%%

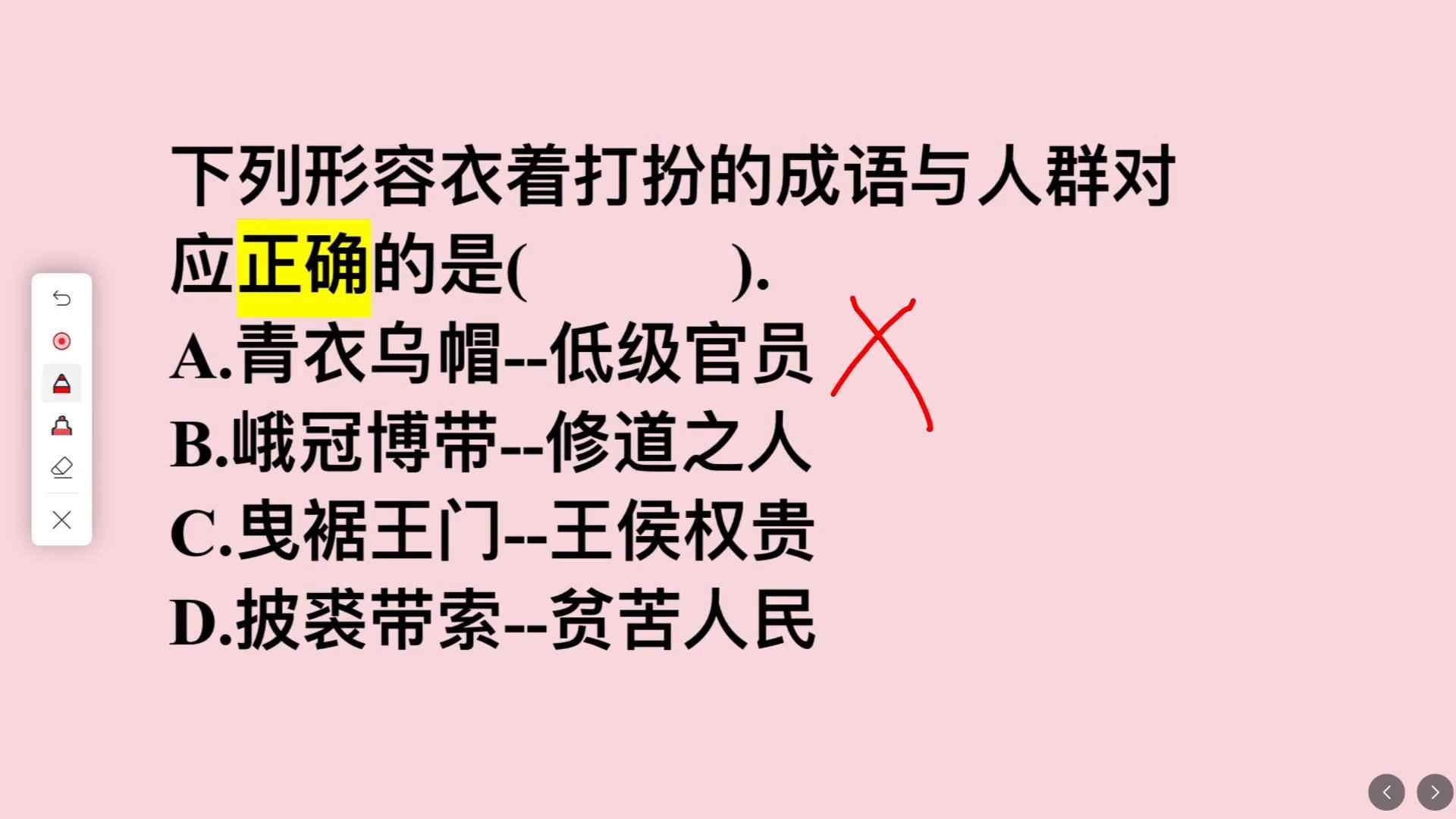 选项A:青衣乌帽这个成语出自《梅花零记》,它实际指的是平民百姓,而不是低级官员,所以对应错误。
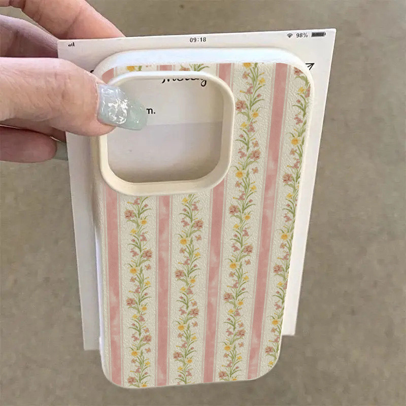 Rosa Floral Listrado Padrão Design Couro Caso De Telefone Para iPhone 16 17 15 14 13 12 11 Pro Max Plus 16E XS Capa
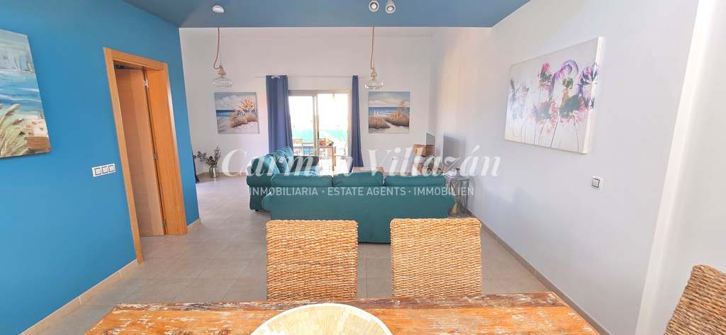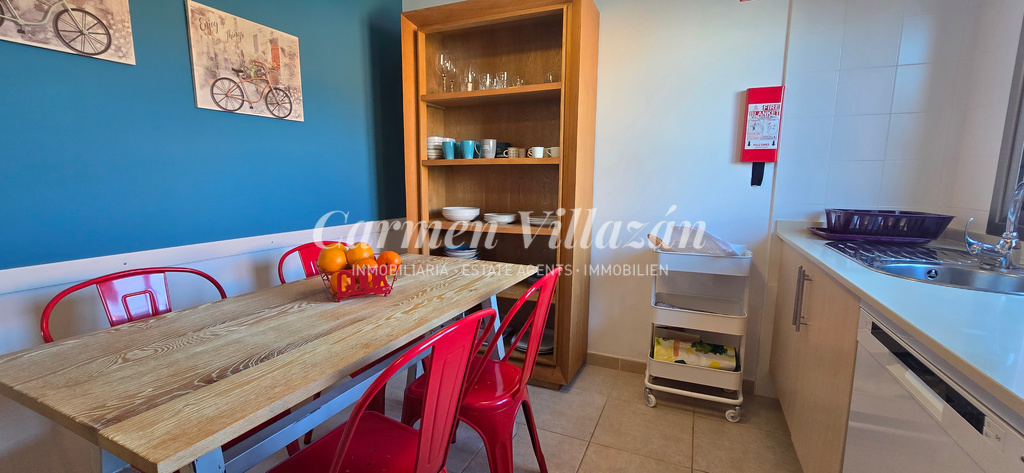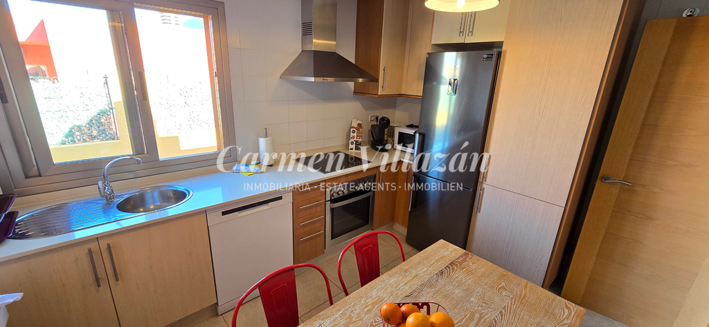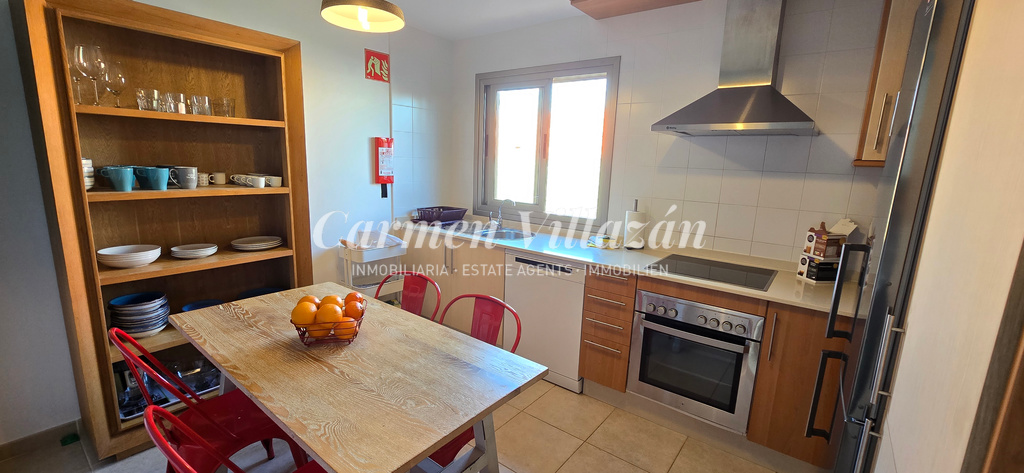 La cocina, independiente y funcional, ofrece espacio suficiente para una mesa de comedor. El salón, luminoso y amplio, ha sido inteligentemente ampliado mediante la integración de un antiguo patio interior, creando un ambiente más acogedor y familiar. Dos puertas correderas conectan directamente con las terrazas y las zonas exteriores, aportando una agradable sensación de continuidad entre interior y exterior.

%%

### WHAT IS NEEDED
Write the lines out word for word, starting at the one with "Rosa Floral Listrado" and stopping after the last line of the material above, with pictures excluded.

### OUTPUT OF THE EXERCISE
 Rosa Floral Listrado Padrão Design Couro Caso De Telefone Para iPhone 16 17 15 14 13 12 11 Pro Max Plus 16E XS Capa
 La cocina, independiente y funcional, ofrece espacio suficiente para una mesa de comedor. El salón, luminoso y amplio, ha sido inteligentemente ampliado mediante la integración de un antiguo patio interior, creando un ambiente más acogedor y familiar. Dos puertas correderas conectan directamente con las terrazas y las zonas exteriores, aportando una agradable sensación de continuidad entre interior y exterior.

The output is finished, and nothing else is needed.